__Problem to solve__: The expected response is an exact repetition of every record, with images excluded.

Items from a data source:
'''

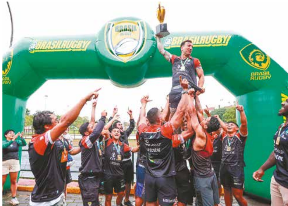
Elenco do Jacaréi Rugby comemora a conquista do Brasileiro de Sevens

No primeiro dia de competição, o Jacaréi, que estava no grupo C, enfrentou Ilhabela e
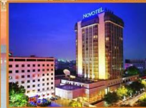
Novotel Beijing Peace
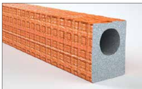
Roth Dämmhülse-FHS 18x9 aus einer exzentrisch extrudierten Rohrisolierung, die aus geschlossenzelligem Polyethylen hergestellt wird und mit coextrudierter PE-Schutz-Folie versehen ist.

Die Anforderungen an Wärmedämmung und Trittschallschutz werden durch die Roth System-Verbundplatten oder Verbundrollen, in Kombination mit der Ausgleichsschicht oder der Zusatzdämmung erfüllt.
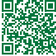
نمودار کلان بیانات رهبران انقلاب درباره شهید حاج قاسم سلیمانی
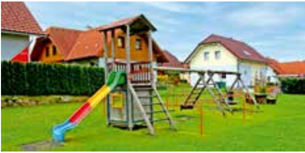
Spielplatz - Aichfeld-West
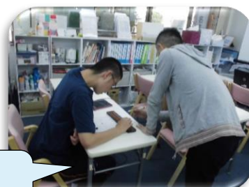
5の珠と1の珠で繰り上がり計算ができるかな
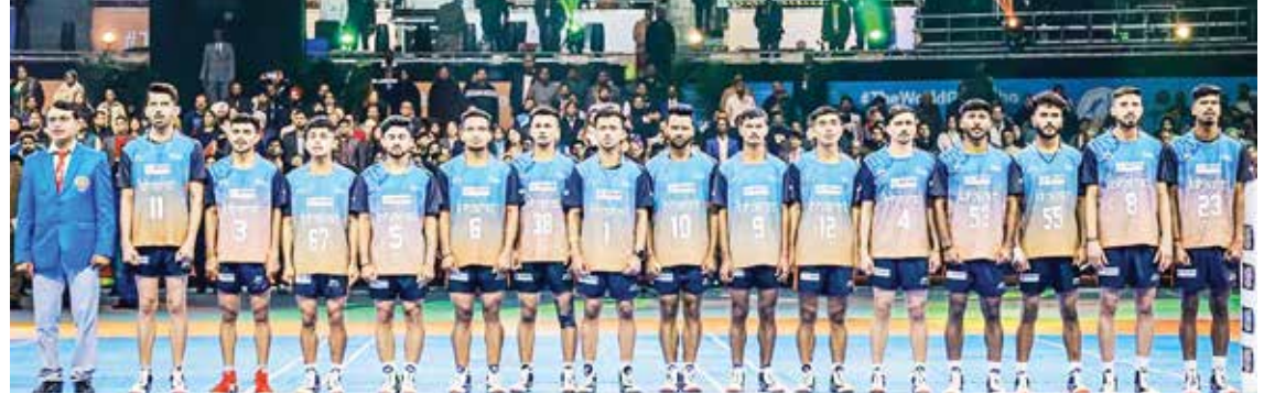
(અંજન્સી) નવી દિલ્હી તા 18

નવી દિલ્હીમાં રમાઈ રહેલા સૌ પ્રથમ ખો-ખો વર્લ્ડ કપમાં ભારતની પુરૂષ અને મહિલા બંને ટીમોએ જોરદાર પ્રદર્શન કર્યું છે. મહિલા ટીમે ક્વાર્ટર ફાઇનલમાં બાંગ્લાદેશને 93 પોઇન્ટના મોટા અંતરથી હરાવી સેમીફાઇનલમાં પ્રવેશ કર્યો છે. ભારતે 109-16ના સ્કોર સાથે જીત મેળવી હતી. ખો ખો વર્લ્ડ કપ 2025માં ભારતનું શાનદાર પ્રદર્શન ચાલુ છે અને ભારતીય ટીમે મહિલા વર્ગમાં શાનદાર જીત

'''

__Reply__:
Elenco do Jacaréi Rugby comemora a conquista do Brasileiro de Sevens

No primeiro dia de competição, o Jacaréi, que estava no grupo C, enfrentou Ilhabela e
Novotel Beijing Peace
Roth Dämmhülse-FHS 18x9 aus einer exzentrisch extrudierten Rohrisolierung, die aus geschlossenzelligem Polyethylen hergestellt wird und mit coextrudierter PE-Schutz-Folie versehen ist.

Die Anforderungen an Wärmedämmung und Trittschallschutz werden durch die Roth System-Verbundplatten oder Verbundrollen, in Kombination mit der Ausgleichsschicht oder der Zusatzdämmung erfüllt.
نمودار کلان بیانات رهبران انقلاب درباره شهید حاج قاسم سلیمانی
Spielplatz - Aichfeld-West
5の珠と1の珠で繰り上がり計算ができるかな
(અંજન્સી) નવી દિલ્હી તા 18

નવી દિલ્હીમાં રમાઈ રહેલા સૌ પ્રથમ ખો-ખો વર્લ્ડ કપમાં ભારતની પુરૂષ અને મહિલા બંને ટીમોએ જોરદાર પ્રદર્શન કર્યું છે. મહિલા ટીમે ક્વાર્ટર ફાઇનલમાં બાંગ્લાદેશને 93 પોઇન્ટના મોટા અંતરથી હરાવી સેમીફાઇનલમાં પ્રવેશ કર્યો છે. ભારતે 109-16ના સ્કોર સાથે જીત મેળવી હતી. ખો ખો વર્લ્ડ કપ 2025માં ભારતનું શાનદાર પ્રદર્શન ચાલુ છે અને ભારતીય ટીમે મહિલા વર્ગમાં શાનદાર જીત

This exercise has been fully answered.